The previous function gave us a dictionary where each volume is linked to a set of volumes that match it. This is in essence a data structure of *edges* in a graph.

Now we need to transform that structure into a list of *connected components*. Basically, like so:

![caption](files/connected.png)

Image credit: [Sebastian Thomas.](https://www.mathworks.com/matlabcentral/fileexchange/46457-splitting-a-network-into-connected-components)

In [13]:
def dfs(vertex, matchdict, visited, components, component_ctr):
    ''' Depth-first search algorithm. '''
    visited.add(vertex)
    components[component_ctr].add(vertex)
    for link in matchdict[vertex]:
        if link not in visited:
            dfs(link, matchdict, visited, components, component_ctr)
            
def connect_components(matchdict):
    ''' Visit each vertex. If not yet visited, create a new component, and do 
    depth-first search on the vertex, adding all linked vertices to the new
    component.
    '''
    
    visited = set()
    components = []
    component_ctr = 0
    
    for vertex, links in matchdict.items():
        if vertex not in visited:
            components.append(set())
            dfs(vertex, matchdict, visited, components, component_ctr)
            component_ctr += 1
    
    return components

In [14]:
# I prefer to go through the blocks from smallest to largest so that I can see whether
# the function works without waiting forever.

initialist = []
for initial, block in blocks.items():
    initialist.append((len(block), initial))

initialist.sort()
initialist = [x[1] for x in initialist]
print(' | '.join(initialist))

q | u | y | z | i | x | j | v | o | e | n | f | w | t | r | p | a | k | g | l | d | h | c | b | m | s


### Actually using the functions above to find groups

The list of groups will be stored in a variable named **components.**

In [15]:
components = []
for initial in initialist:
    print(initial, len(blocks[initial]), end = ' | ')
    matches = get_matches(initial, blocks, result)
    components.extend(connect_components(matches))

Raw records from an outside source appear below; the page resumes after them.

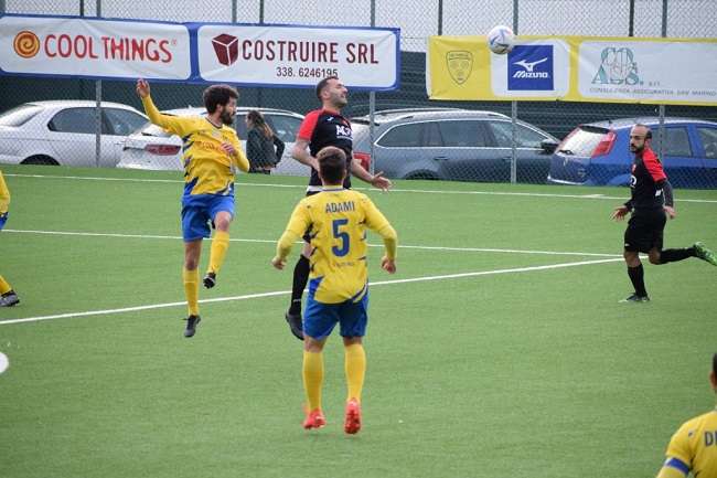 LA PARTITA Il recente successo per 4-1 sul Cailungo restituisce fiducia in casa Folgore e l’inizio del match di Coppa è in linea con le aspettative. Dopo 8 minuti Manzaroli stende Montanari senza intervenire sul pallone, Avoni non concede un rigore apparso netto bensì il corner. L’episodio fa discutere, ma dopo un quarto d’ora viene “vendicato” dal gran gol di Serafini, che cerca e trova il primo palo e porta avanti i suoi. Una disattenzione, tuttavia, costa caro, perché un pallone destinato a terminare sul fondo viene addomesticato da Valentini, che lo trasforma nell’assist del pareggio per Gjorretaj. L’ingenuità difensiva costringe Piscaglia e compagni a ricostruire il gioco per ottenere un nuovo vantaggio. Si giunge così alla ripresa con una situazione di sostanziale equilibrio, nella quale i portieri si rendono protagonisti di alcune parate decisive, in particolare Pollini su Gaiani e Manzaroli su Serafini. Lepri si gioca la carta Mami e in effetti il neo entrato potrebbe diventare l’uomo partita quando elude l’intervento di Manzaroli, ma non trova il varco per cercare la conclusione, allora serve Di Marzio e il pallone termina alto. L’ultimo sussulto proprio del numero 22, che non inquadra il bersaglio.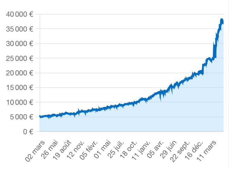 Aujourd’hui je me dis que c’est bien oui et comme beaucoup je me dis, « tu aurais du mettre les 8000€ de cash de suite ! » ![]()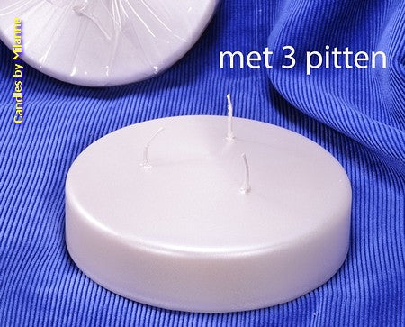 DISCUS kaars met 3 pitten, WIT PEARL METALLIC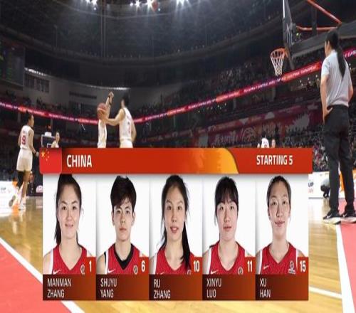 中国女篮首发为:中锋韩旭,前锋罗欣棫、张茹,后卫杨舒予、张曼曼。——中国队变阵,让张茹出战增加防守强度。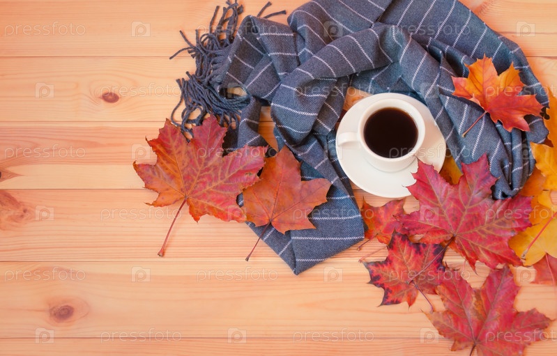 Кофе, шарф и осенние листья на дереве. Вид сверху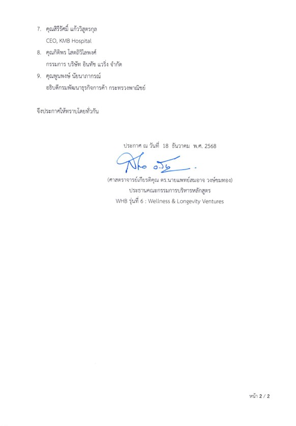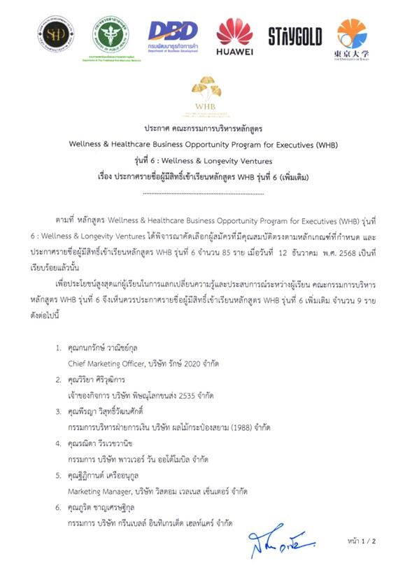 ประกาศรายชื่อ(เพิ่มเติม)ผู้มีสิทธิ์เข้าเรียนหลักสูตร Wellness & Healthcare Business Opportunity Program For Executives (WHB) รุ่นที่ 6 ณ วันที่ 19 ธันวาคม พ.ศ.2568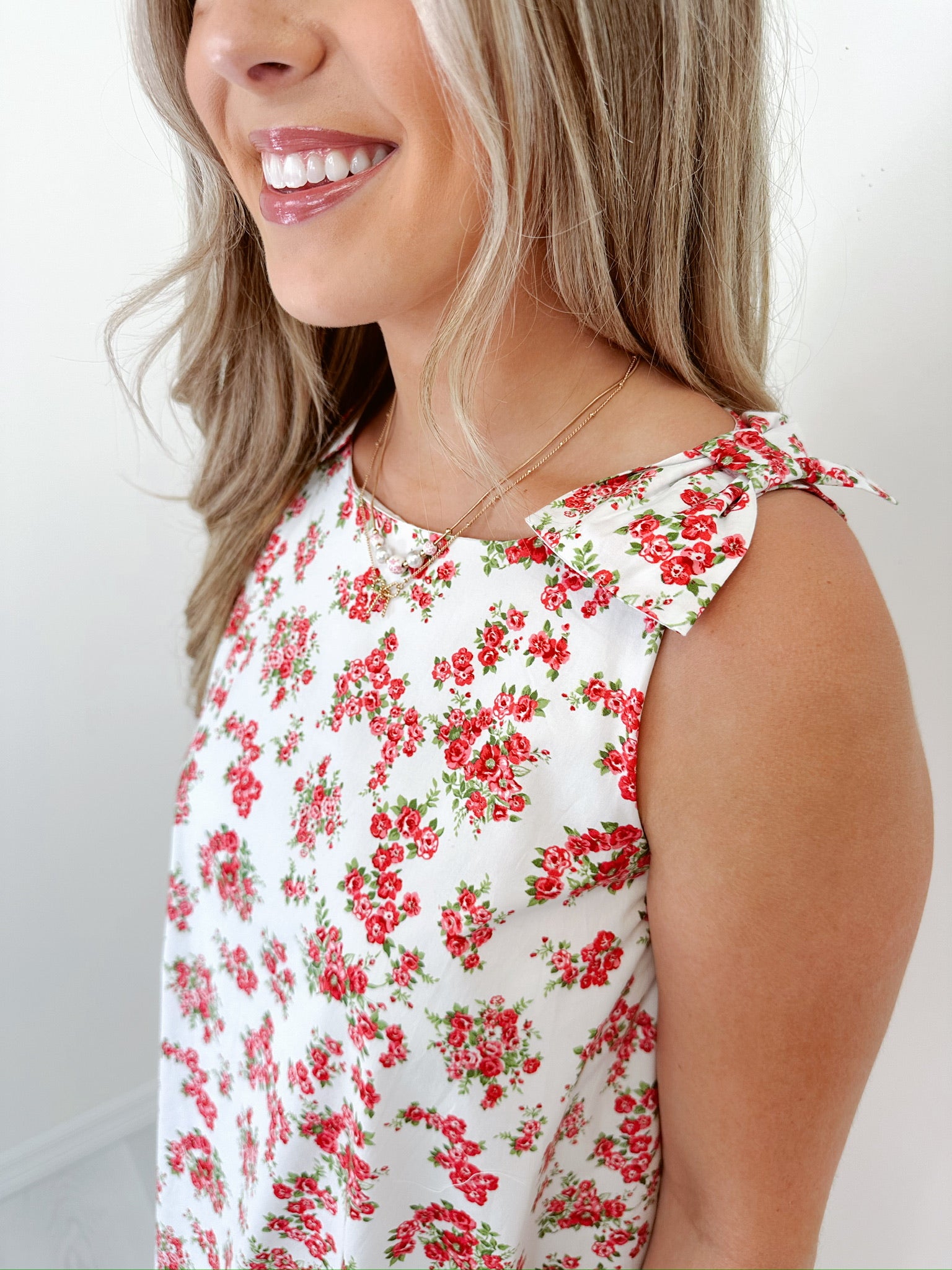 - Featuring a ditsy floral poplin print fabric, a square neck, a sleeveless silhouette with a wide big bow detail strap, a bubble hem and is fully lined with an invisible back zip closure.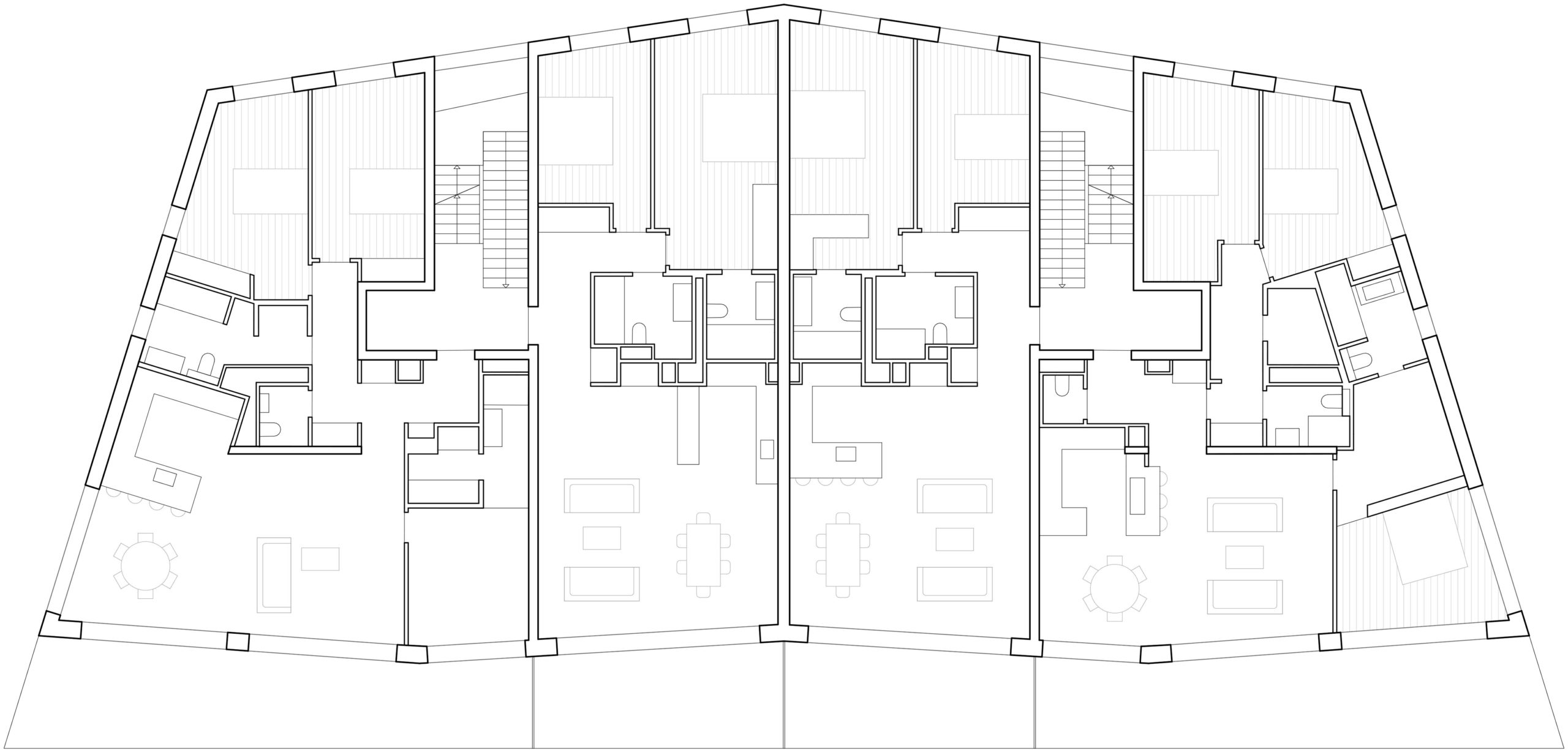 Composé de 10 appartements de 4 à 6 pièces en PPE, le bâtiment s’élève en rez +2 ayant l’intégralité du parking en sous-sol en faveur d’espaces extérieurs de qualité.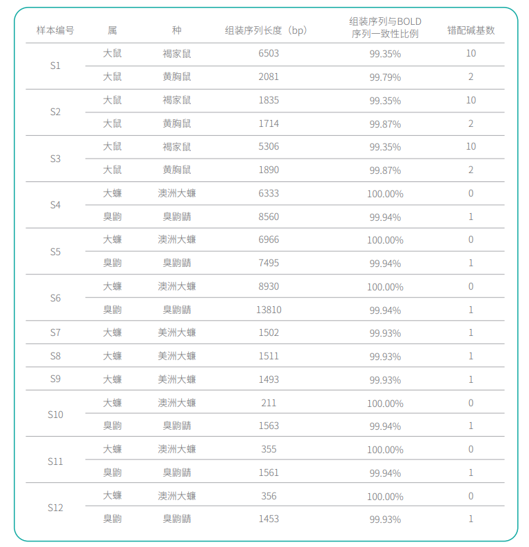 以12例病媒模擬樣本為例(含6例DNA樣本、6例RNA樣本),采用華大智造病媒測(cè)序組合產(chǎn)品,對(duì)病媒物種及其攜帶微生物的類型進(jìn)行精準(zhǔn)識(shí)別。識(shí)別結(jié)果包括但不限于:病媒物種識(shí)別結(jié)果、病媒生物線粒體組裝序列深度分布圖、病媒所攜帶的微生物類型識(shí)別等。這些結(jié)果的輸出,對(duì)于海關(guān)工作人員而言,可以精準(zhǔn)判斷病媒物種及其攜帶微生物類型,以快速應(yīng)對(duì)境外突發(fā)公共衛(wèi)生事件。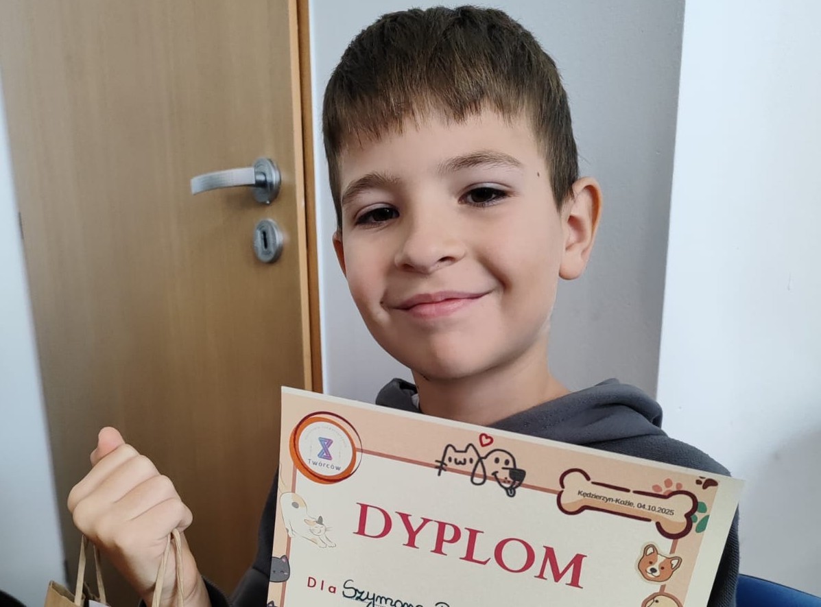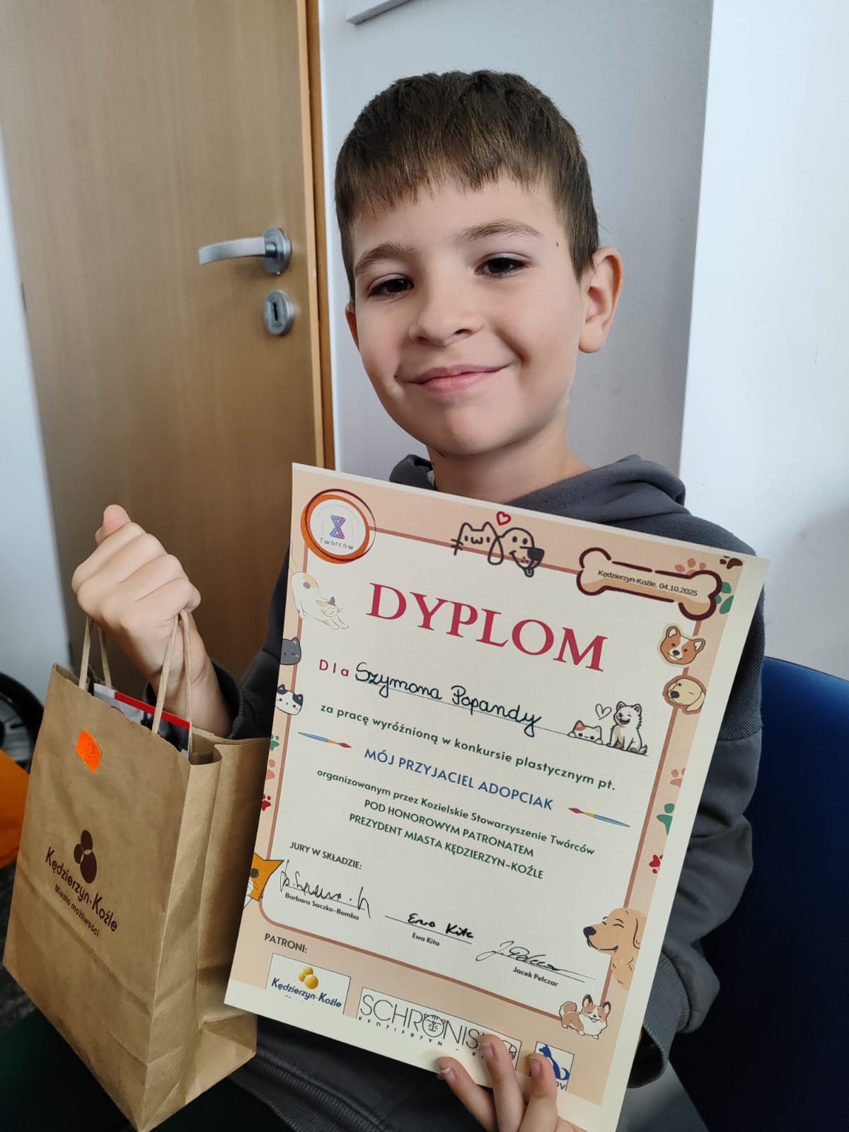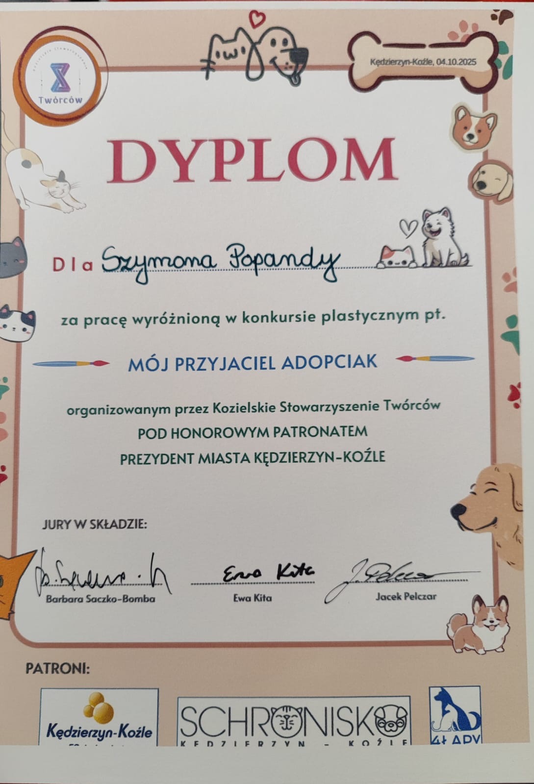 Z wielką radością informujemy, że rzeźba pieska autorstwa Szymona Popanda otrzymała wyróżnienie w miejskim konkursie plastycznym pt. „Mój przyjaciel adopciak” zorganizowanym przez Kozielskie Stowarzyszenie Twórców. Praca Szymona zachwyciła jury pomysłowością, starannością wykonania i wyjątkowym wyczuciem formy. Szymon w oryginalny sposób oddał smutek, rozpacz psa czekającego w schronisku na adopcję. Rzeźbę wykonał z masy solnej i pomalował farbami.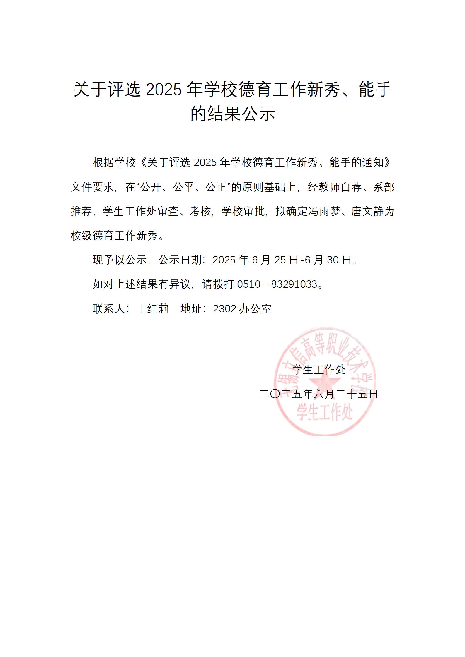 关于评选2025年学校德育工作新秀、能手的结果公示

q 62 | u 135 | y 148 | z 175 | i 245 | x 353 | j 358 | v 460 | o 538 | e 547 | n 548 | f 730 | w 777 | t 853 | r 953 | p 1025 | a 1038 | k 1096 | g 1115 | l 1177 | d 1233 | h 1297 | c 1450 | b 1988 | m 1992 | s 2053 | 

### A little exploratory description

E.g., how many groups do we have? How big is the biggest?

In [16]:
print('We have ' + str(len(components)) + " different components,")

maxsize = 0
for c in components:
    if len(c) > maxsize:
        maxsize = len(c)
        for ex_biggest in c:
            break
print("of which the biggest contains " + str(maxsize) + " vols.")
print()
print("Here's a member of that group: ")
print(meta.loc[ex_biggest, : ])

We have 131538 different components,
of which the biggest contains 201 vols.

Here's a member of that group: 
oldauthor                                           Defoe, Daniel
author                                              Defoe, Daniel
authordate                                            1661?-1731.
inferreddate                                                 1891
latestcomp                                                   1731
datetype                                                        s
startdate                                                    1891
enddate                                                          
imprint                                   London;T.F. Unwin;1891.
imprintdate                                                  1891
contents                                                      NaN
genres                                               UnknownGenre
subjects                                                      NaN
geographics                     

### Now the actual deduplication

In principle, generally, we want to take one volume from each group of volumes that have matching titles and authors. And in general we want to take the earliest volume, so our resulting dataset will be dated as close as possible to dates of first publication.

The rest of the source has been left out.